There is my question.
Well, hopefully some, hopefully a lot.
I know it's hard when you're a little bit
older, you have a job,
you have a family perhaps.
And I know from my own experience that I
don't always practice
quite as much as I would like.
But this is what I do for a living, so I
have the banjo in my hands a lot.
But when you practice you get better.
It's an amazing thing.
And there were no absolute rules for what
you should practice,
how long you should practice, anything
like that.
One thing I would say though, even before
we start talking about practicing,
make sure your banjo is out of its case,
in a safe place.
But if it's wa, stuck away in a case in a
closet,
you're gonna be less apt to play it.
If it's staring right at you there, you're
gonna be much more apt to play it.
So.
There are various instrument stands you
can get that you can use to just have your
banjo hanging out in your practice room,
or your den or your bedroom.
Or, wherever it is that you have a room
for, where you practice.
And I, not to dis any company at all, but
please do not get one of
those stands that has kind of the wishbone
wiggly thing, because I had a banjo that
was on one of those, and it just got
unstable and fell off and broke the neck.
And a friend of mine had the exact same
stand, unbeknownst to me, and about
a month ago as of this, as of my speaking
to you, had exactly the same thing happen.

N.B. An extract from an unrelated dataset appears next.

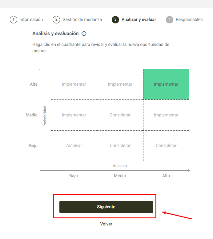 Para realizar la evaluación, simplemente haga clic en el cuadrante correspondiente a su análisis, considerando el Impacto y la Probabilidad de su oportunidad, y luego haga clic en "Siguiente" para continuar con la siguiente etapa:

The best kind of stand to get is one of
those hanging stands where there's
a tripod on the bottom.
And and the banjo just hangs from a little
kind of a crotchy thing here, just hangs
down.
And it's not resting on anything
particularly.
So avoid that wishbone construction.
Maybe that's okay for guitars, but not for
banjos.
If you have one, disassemble it and sell
it at your next yard sale, or
put it on eBay immediately.
And do not sell it to another banjo
player.
Or you can just have it sitting in the
case with the case open
unless you have a sheep dog that likes to
jump around a lot.
But if, if you can do that.
Just as long as it's out, so you can just,
if you have a spare moment you can just
pick it up.
In terms of practicing there are a number
of ways of looking at it,
one of which is to just kind of when you
have a spare moment,
you're hanging out and you got five
minutes, pick it up and play.
And I think that's great.
I know Bela feels that that's a really
good way to go.
Bela Fleck that is has a really, that's
his feeling about it.
Just play it when you're ready to, when
you want to.
Don't force yourself to play.
And I think there's a lot to be said for
that, and
it's certainly has worked for him.
The other way is to say okay I'm gonna set
an hour aside every day.
And some people need to structure their
time if
they have a full time job and family.
And say okay, once the kids are asleep at
10 o'clock I practice from 10 to 11 or.
They get up at an ungodly hour and
practice from 6 to 7 before they go to
work in the morning, something like that.
And if that's how you operate with the,
let's, I say hypothetically an hour a day,
that's a nice amount of time to be able to
practice.
If you can do more, all to the better.
And what I suggest, and I have a whole DVD
about this for Homespun Tapes.
That gives you much more much more
information related to all this and
some various exercises, and it's called
Practice Techniques.
But on that DVD what I talk about is
dividing your time into your hour,
hypothetical hour's time into quarters.
And for the first quarter just.
And this is maybe not just for, maybe not
for beginners as much, but
once you've been playing a little bit.
And if you've been working through these
lessons what you can do is for
the first 15 minutes or so, just work on
basic core concepts.
In other words, work on just rolls.
Just.
[MUSIC]
With a metronome.
[MUSIC]
Just work on alternating thumb rolls,
maybe do that for half a minute.
Maybe move your thumb to the fourth string
once in a while.
Just with the metronome and not in a very
fast tempo, or forward backward rolls.
For, Osborne rolls and just stack them.
And if you want to add a little bit of a
left hand.
Or if you're de learning the thirds.
[MUSIC]
Maybe do some of these exercises.
Or the Osborne roll, or again, with the
metronome.
[MUSIC]
Or if you're getting into
the melodic style, do some melodic scales.
Or the single string.
[MUSIC]
Whatever the core thing you're working on.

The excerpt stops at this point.